(Records drawn from a dataset)
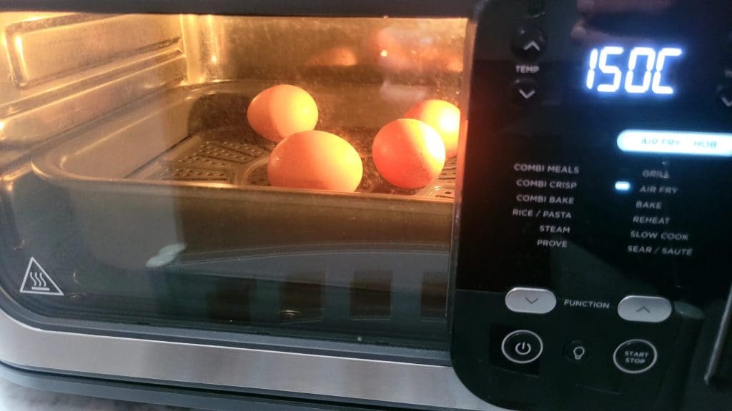 Hart gekochte Eier in der Heißluftfritteuse zuzubereiten ist sehr einfach: Legen Sie die Eier einfach direkt auf den Rost und stellen Sie Grad und Zeit ein. Normalerweise kochen diejenigen, die hart gekochte Eier in der Heißluftfritteuse zubereiten, sie bei 130° für 15 Minuten, ich habe sie bei 150° für 13 Minuten gekocht, weil meine Fritteuse die Mindesttemperatur auf 150° eingestellt hat, passen Sie sich Ihrer Fritteuse an. Sobald sie fertig sind, lassen Sie sie ein paar Minuten abkühlen und entfernen Sie die Schale.
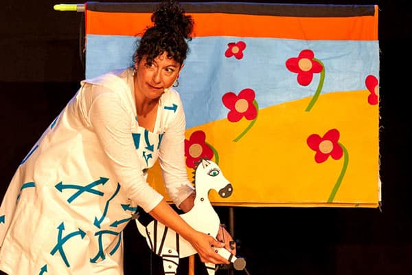 Aunque su trayectoria no se haya enfocado solo al trabajo con objetos, estos forman parte de su universo que, junto con las palabras, sus maneras de payasa, y su comunicación directa y juguetona, conforman su camino como creadora. CON LA CABEZA EN LAS NUBES es un espectáculo que quiere hacer que el público familiar haga volar su imaginación y sus sonrisas. En su maleta trae algunas historias, unas cuantas marionetas y una veintena de “trastos” que han formado parte de su andadura. 30 años trasteando dan para mucho…
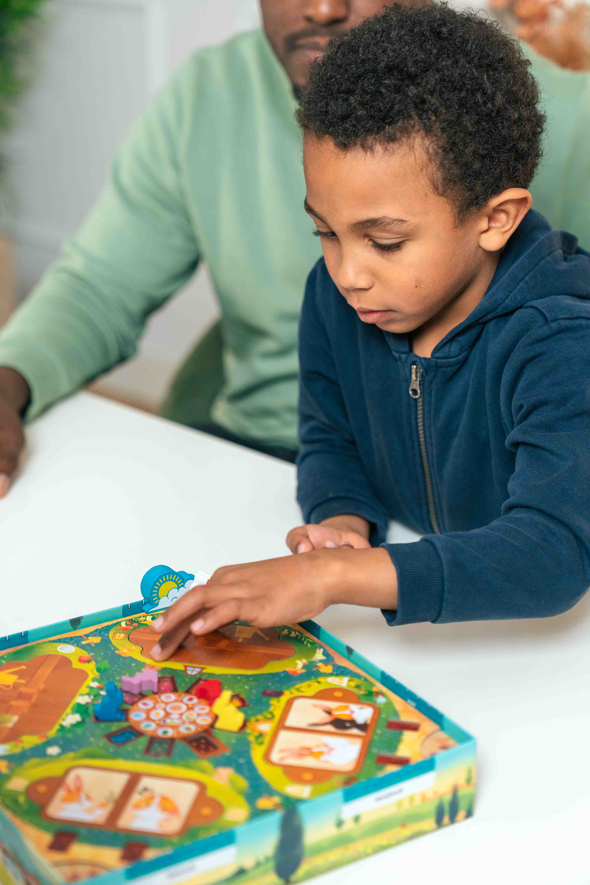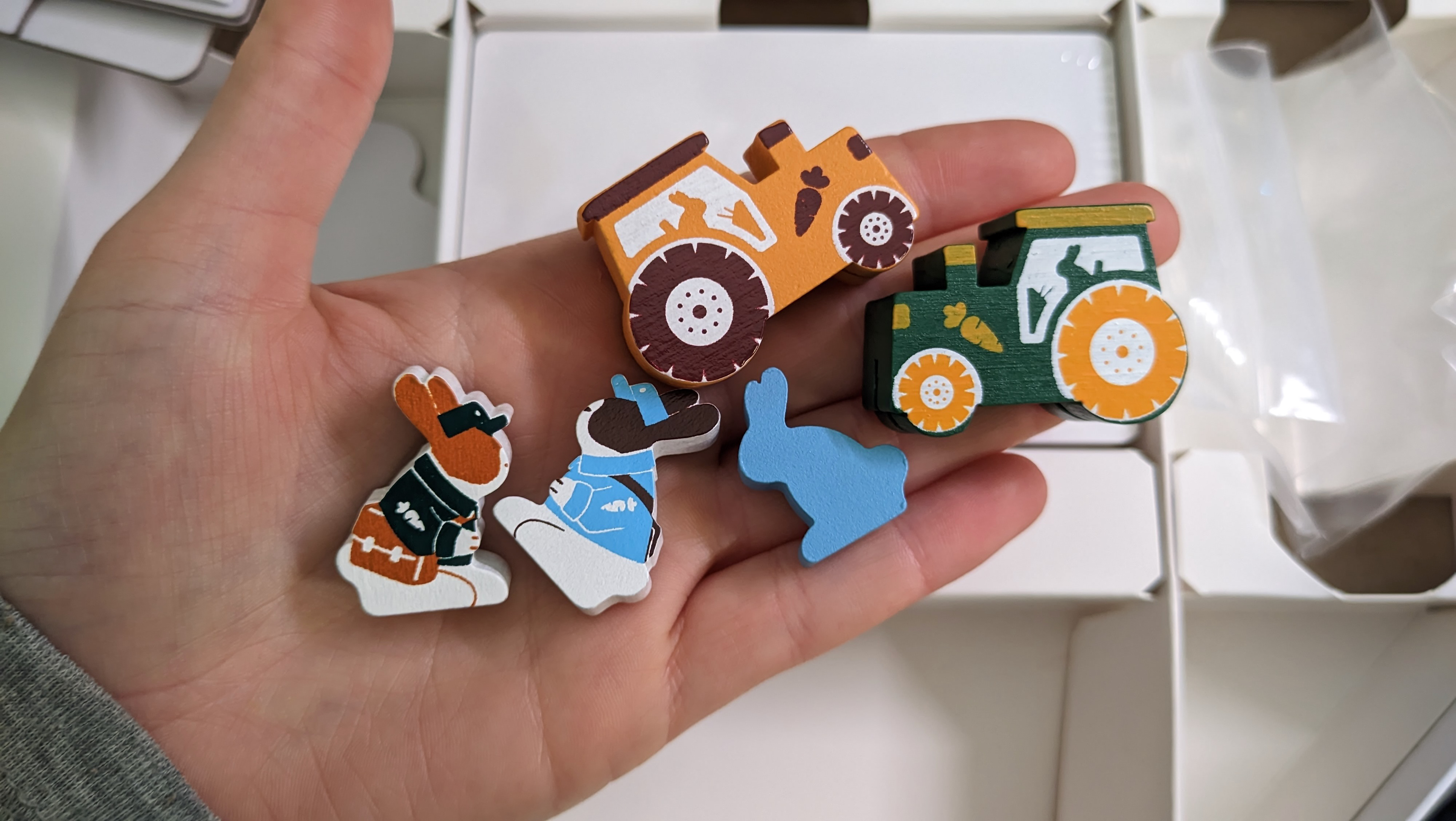 To know who is the Head Mailrabbit during the turn, there was supposed to be a first player pawn. Its appearance changed several times, but we very often forgot it: it wasn't intuitive to pass it to the next player, and we got lost. Moreover, children have smaller hands than us, so it's difficult for them to hold such a large deck of cards and distribute them.
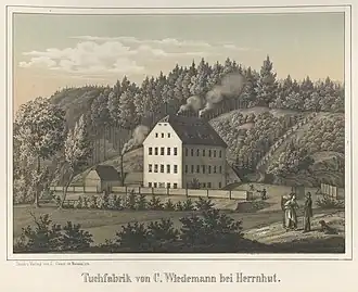 - ↑ BECHLER, Theodor. Ortsgeschichte von Herrnhut mit besonderer Berücksichtigung der älteren Zeit. Kapitola Entwicklung des gewerblichen und geschäftlichen Lebens in Herrnhut, s. 130–145.
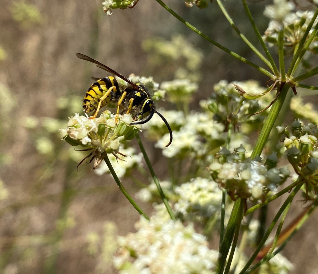 Nearby, a Yellowjacket wasp is foraging on another Yampah. The wasps are notorious caterpillar hunters. Again, I have to remind myself that I can’t worry for the safety of the caterpillar, that I am here as an unbiased observer.
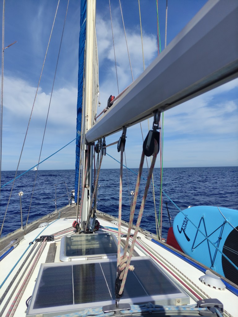 Unlike our voyage out to the islands, when we set off thinking we would do a day sail and changed our minds due to fantastic conditions, this time we knew we were most likely going to do an overnighter. This meant we were a bit more vigilant at taking turns on the helm and forced ourselves to rest more during the day too. We had also been better organised getting music set up and having cold pizza to snack on. It was an extremely clear day and before we had lost sight of Ibiza we could see mainland Spain – such a bonus. We also had internet connection right up to 20 nautical miles (4 hours) off the coast of Ibiza which surprised us after losing it so early when we left the coast of Spain on our way a few weeks earlier.
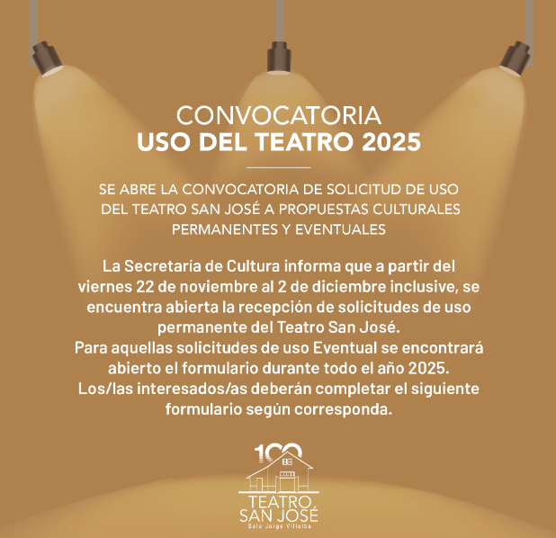 Para presentar propuestas de uso eventual del teatro San José, completar este formulario: https://forms.gle/a3AVh5ZXBwc6kY5h9
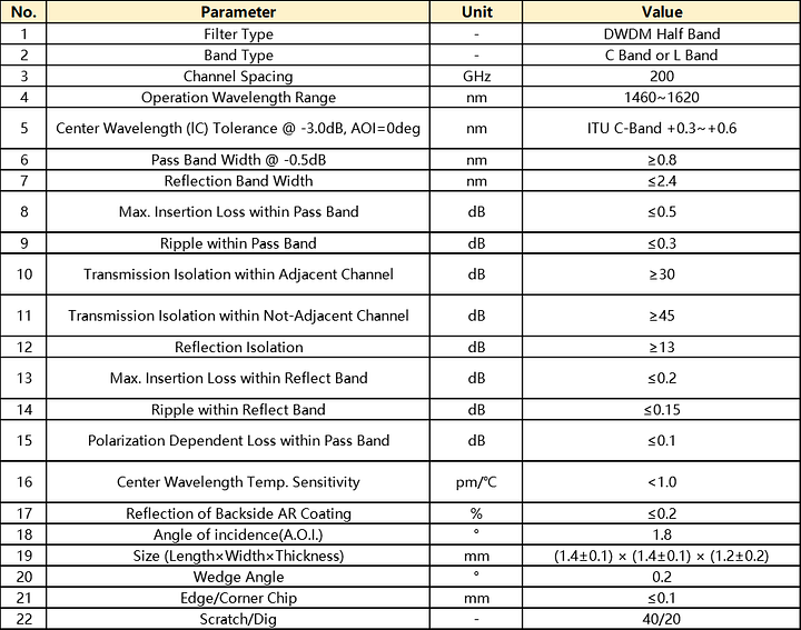DWDM Filter(200G Hz)
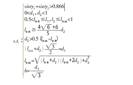 移動(dòng)副有一定的運(yùn)動(dòng)范圍,對(duì)于液壓缸等還存在一段無法運(yùn)動(dòng),即:l1 和l2的值應(yīng)該在一個(gè)范圍之內(nèi),且其上限和下限之間還存在一定的約束??梢悦枋鰹椋?
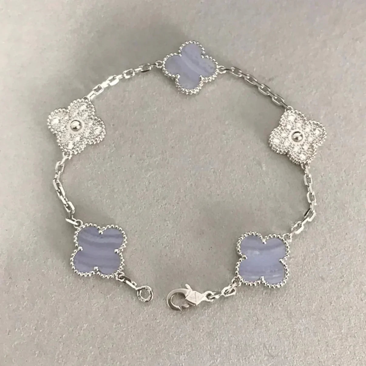 [LUXE NOBLE] CLOVER 5 MOTIF PURPLE CHALCEDONY BRACELET COLLECTION
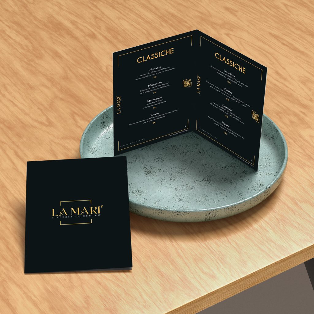 Abbiamo voluto distinguere il menù della pizzeria La Marì per la sua progettazione grafica sofisticata: una base scura offre un’elegante cornice alle scritte bianche, creando un contrasto accattivante e una leggibilità nitida che guida gli ospiti attraverso un viaggio culinario.
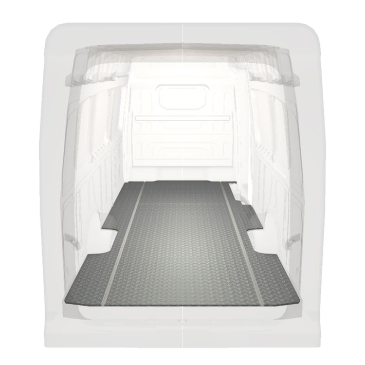 Lightweight and robust standard van floor for a Volkswagen Crafter / MAN TGE with anti-slip aluminum tread plate and cargo rails (longitudinal) for quick and safe installation of racking systems and other accessories.
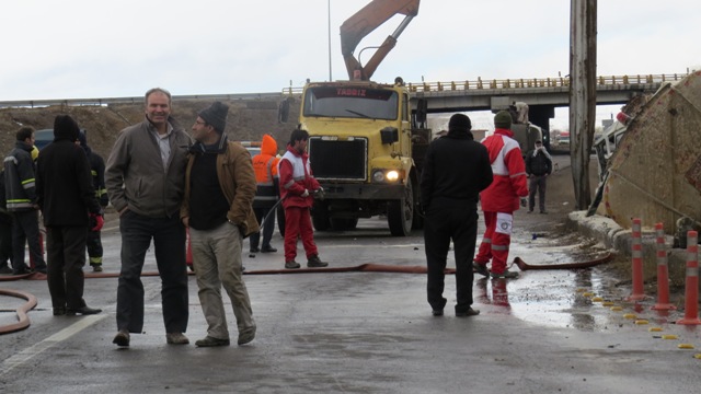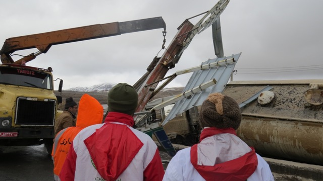 بنابرتماس تلفنی پلیس 110 مبنی برواژگونی تانکرحامل موادپتروشیمی که درمحوربستان آباد-تبریز اتفاق افتاده بود نجاتگران پایگاه امدادجاده ای شیبلی شهرستان بستان آباد بهمراه کارکنان جمعیت هلال احمراین شهرستان فورا به محل اعزام شده وعملیات رادرساعت 12 شب جمعه شروع کردند وپس ازانتقال راننده مصدوم  به مراکزدرمانی به کنترل موادقابل اشتعال وعایق برق وامحاء موادپتروشیمی ازمحل نمودندوپس از 17 ساعت عملیات نفسگیر این عملیات ساعت 14 روزگذشته به پایان رسید.

(Problem)
Word for word, give again the lines from the first entry to the line with "Nearby, a Yellowjacket", inclusive. Exclude the pictures.

(Answer for the task)
 Hart gekochte Eier in der Heißluftfritteuse zuzubereiten ist sehr einfach: Legen Sie die Eier einfach direkt auf den Rost und stellen Sie Grad und Zeit ein. Normalerweise kochen diejenigen, die hart gekochte Eier in der Heißluftfritteuse zubereiten, sie bei 130° für 15 Minuten, ich habe sie bei 150° für 13 Minuten gekocht, weil meine Fritteuse die Mindesttemperatur auf 150° eingestellt hat, passen Sie sich Ihrer Fritteuse an. Sobald sie fertig sind, lassen Sie sie ein paar Minuten abkühlen und entfernen Sie die Schale.
 Aunque su trayectoria no se haya enfocado solo al trabajo con objetos, estos forman parte de su universo que, junto con las palabras, sus maneras de payasa, y su comunicación directa y juguetona, conforman su camino como creadora. CON LA CABEZA EN LAS NUBES es un espectáculo que quiere hacer que el público familiar haga volar su imaginación y sus sonrisas. En su maleta trae algunas historias, unas cuantas marionetas y una veintena de “trastos” que han formado parte de su andadura. 30 años trasteando dan para mucho…
 To know who is the Head Mailrabbit during the turn, there was supposed to be a first player pawn. Its appearance changed several times, but we very often forgot it: it wasn't intuitive to pass it to the next player, and we got lost. Moreover, children have smaller hands than us, so it's difficult for them to hold such a large deck of cards and distribute them.
 - ↑ BECHLER, Theodor. Ortsgeschichte von Herrnhut mit besonderer Berücksichtigung der älteren Zeit. Kapitola Entwicklung des gewerblichen und geschäftlichen Lebens in Herrnhut, s. 130–145.
 Nearby, a Yellowjacket wasp is foraging on another Yampah. The wasps are notorious caterpillar hunters. Again, I have to remind myself that I can’t worry for the safety of the caterpillar, that I am here as an unbiased observer.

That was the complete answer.